You May Ask Yourself..............How do I partner with my client in choosing the right candidate and selecting the right assessment parameters?
1) Responsibility for selecting the tool & the outcomes. Ultimately it is the Hiring Manager’s responsibility to determine what right looks like in that department and what minimal acceptable performance is – a recruiter can not do this, nor can the internal HR department. It is the Hiring Manager, their boss, and the key stake holders who are accountable for the performance and the bottom line and it is their job to document this in the job specification, then it is the recruiters’ job to go find the right fit. If the benchmark or specs change for one, it must change for all – or you could be liable for discrimination.
2) Benchmarking Existing Performers. Between *9-11peak performers (*as rated by actual measurable results, not by how the manager ‘feels’) in a specific role are assessed and a benchmark is built. In some companies where the department is rather large they also benchmark another group, they take 9-11 below average performers and assess them and then 9-11 middle of the road performers and assess them. Once the assessments are scored and ranked in a grid like manner a validated benchmark is built. When a company needs to hire peak they use the peak benchmark, when they are hiring average (for what ever reason) then they use the average benchmark.
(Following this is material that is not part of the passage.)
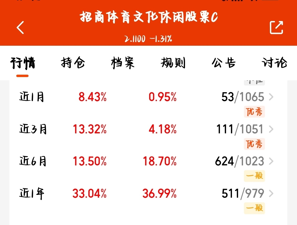 春节消费升温,体育文化板块迎来行情爆发!$招商体育文化休闲股票C$ 精准布局体育、传媒、文旅赛道,完美契合春节消费热潮。近期板块持续走强,产品弹性十足,今年以来表现亮眼,是把握文体消费复苏行情的优质选择。

3) Comprehensive Position Requirements Benchmark. This initial process of building a validated hiring benchmark and is often used when a company has had bad experiences hiring, or when a firm is hiring for a newly created position, or when a company is undergoing a corporate transformation, or under new leadership. Typically, an outside facilitator, preferably you, leads this conversation. It is best when this is done with 3 key decision makers or stake holders that are directly impacted by the success or failure of this hire. Once the benchmark is created (key specific measurable accountabilities, core functions, competencies, behaviors, traits, values, etc.) and the selection criteria is ranked & prioritized in advance, each stake holder then takes a job report assessment and creates their vision of ideal candidate via an assessment. The best assessment I have seen for this ranks 23 competencies, core motivational values, work behaviors, and personal trainability/coach-ability. The convergence of these three reports creates the validated measurable benchmark which all candidates are ranked and compared against.